The web application URLs are the only external facing interface and, therefore, should be stable.
Web applications, workers and recovery readers must have network access to the site’s MySQL and RabbitMQ management systems.
Alternate and dead letter readers must have network access to the site’s RabbitMQ management system.

By splitting the single legacy web application between two new web applications (Application Layer), we introduce the need for URL-specific routing within the Jobs service. One way to achieve this routing is to define URL rewrite rules in a proxy such Apache httpd or nginx. Below is an example of Apache rewrite rules that route Job service URLs to their proper web application.

# All GET requests for jobs service should go to legacy-jobs service.
RewriteCond %{REQUEST_URI} ^/jobs
RewriteCond %{REQUEST_METHOD} =GET
RewriteRule ^/jobs(.*)$ http://proxy.host:7999/legacy-jobs$1 [P]

# POST/PUT/DELETE requests for job permission should go to legacy-jobs /pems end-point.
RewriteCond %{REQUEST_URI} ^/jobs/.*/pems
RewriteCond %{REQUEST_METHOD} !=GET
RewriteRule ^/jobs(.*)$ http://proxy.host:7999/legacy-jobs$1 [P]

# All other none-GET requests for the jobs service should go to aloe-jobs service.
RewriteCond %{REQUEST_URI} ^/jobs
RewriteCond %{REQUEST_URI} !^/jobs/.*/pems
RewriteCond %{REQUEST_METHOD} !=GET
RewriteRule ^/jobs(.*)$ http://proxy.host:8081/jobs/v2$1 [P]

For capacity planning and management, we recommend putting the workers and readers on different hosts than the web applications. Worker and reader daemons for multiple tenants can share the same host. Since these daemons communicate only through the persistence layer, they can be moved between hosts without any reconfiguration as long as network connectivity is maintained.

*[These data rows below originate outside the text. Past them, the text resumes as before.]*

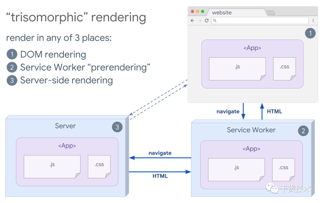 如果service workers对于你来说是一个选项的话。那么对于“trisomorphic”渲染来说,你可能也是感兴趣的。这是一种可以将初始/非JS应用在流服务器上的一种技术,然后让您的服务工作者在安装后渲染为HTML以进行导航,这可以使缓存的组件和模板保持最新,并启用SPA样式导航以在同一会话中呈现新视图。当您可以在服务器,客户端页面和服务器工作程序之间共享相同的模板和路由代码时,此方法最有效。
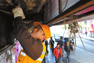 14日,武汉铁路局桥工段咸宁桥工区的技术人员正在咸安南门桥洞进行铁路桥梁的维修工作。“这个桥梁已经出现了一些破损迹象,如果不及时修理,火车经过时就可能掉下小石子,砸到行人。”负责人徐崇健告诉记者,技术人员将认真修补每一处破损,确保行人安全。 记者程慧摄
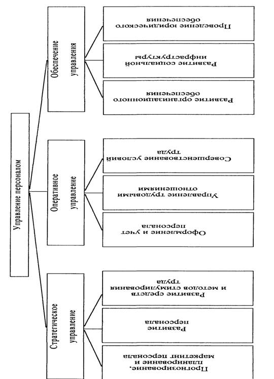 Проведение в жизнь принятой стратегии обеспечивается за счет стратегического и оперативного управления. Укрупненная структура функций, а также роль и место стратегического и оперативного управления, в руководстве персоналом предприятия показана на рис.1[4].
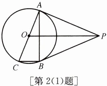 (1)如图,PA、PB是⊙O的两条切线,切点分别为A、B,AC是⊙O的直径,连接AB、BC、OP,则与∠AOP相等的角有(
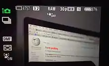 Focus peaking is a focusing aid in live preview or electronic viewfinders on digital cameras that places a white or coloured highlight on in-focus edges (contours) within an image using an edge detect filter.
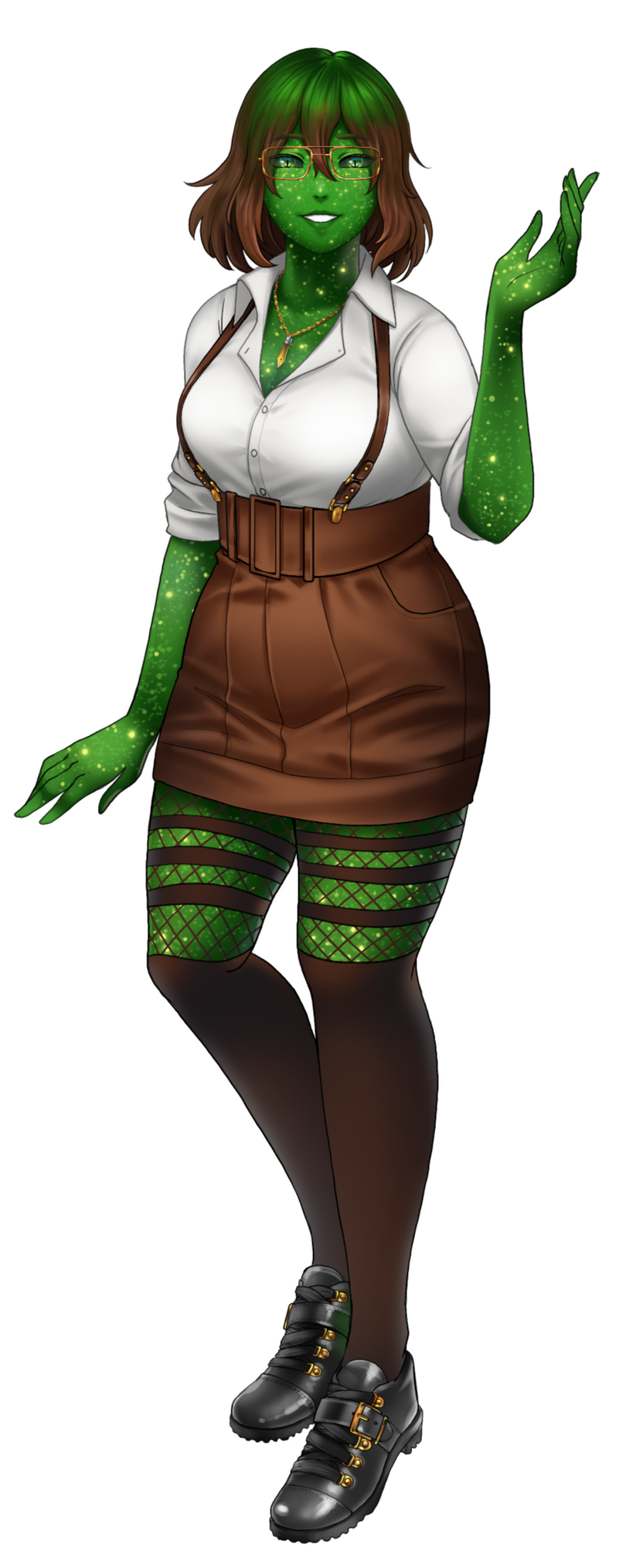 Lexi inherited her family's bookstore after her career plans didn't quite pan out, and now she minds the shop. One day, she got struck with the added responsibility of being a half-dead host to an elder god, and eventually, they merged and she ended up a glitter-ink slimegirl! Wild stuff!Now, she streams (somewhat) regularly on Twitch, playing whatever games strike her fancy between randomized Ocarina of Time seeds with her girlfriend!
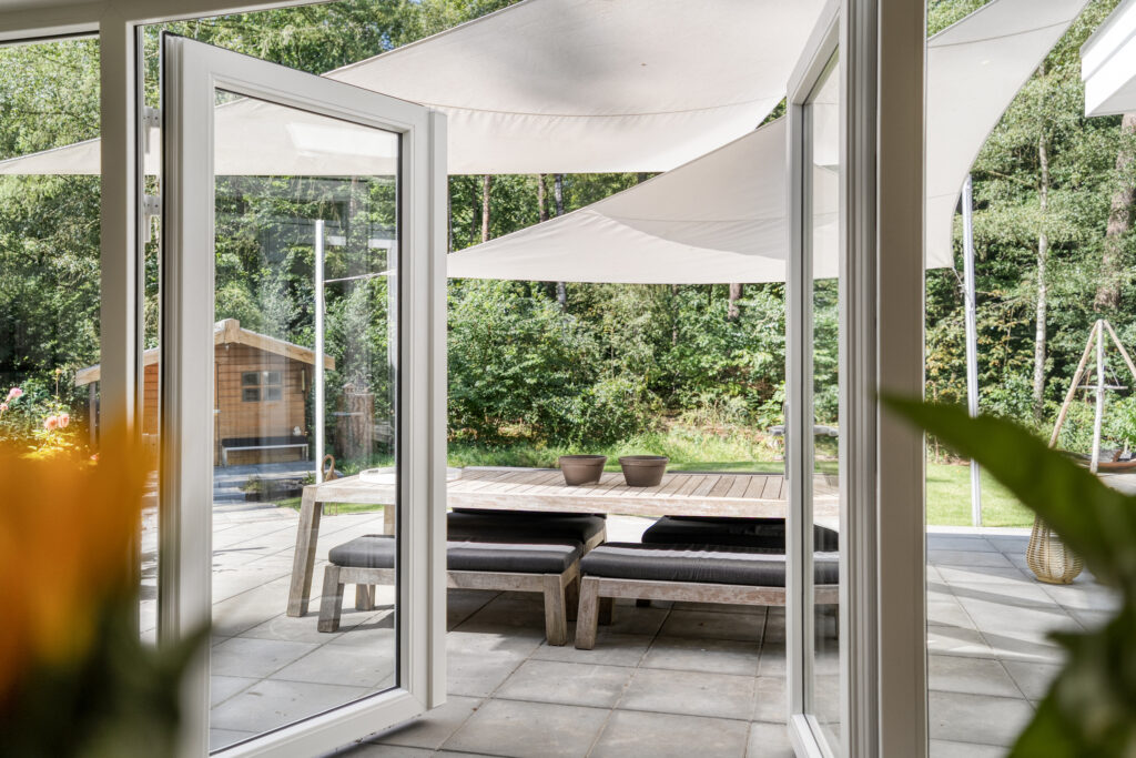 Door de ruimte is er op zomerse dagen altijd ergens een plekje in de zon te vinden, de tuin is heerlijk besloten en grenst direct aan het bos.

The number and placement of workers is largely a matter of administrative convenience, expected load and resource availability. Review the Scalability section for a discussion of vertical and horizontal scaling options.

We recommend installing MySQL and RabbitMQ on their own virtual or physical hosts with reliable storage, automated backups, and sufficient network, memory and processing resources. Whereas application layer components can be easily moved between hosts, the persistence layer components are not expected to change addresses often if at all. All tenants depend on a stable persistence layer, so there’s little benefit in containerizing these components; we recommend native installation of MySQL and RabbitMQ in production environments.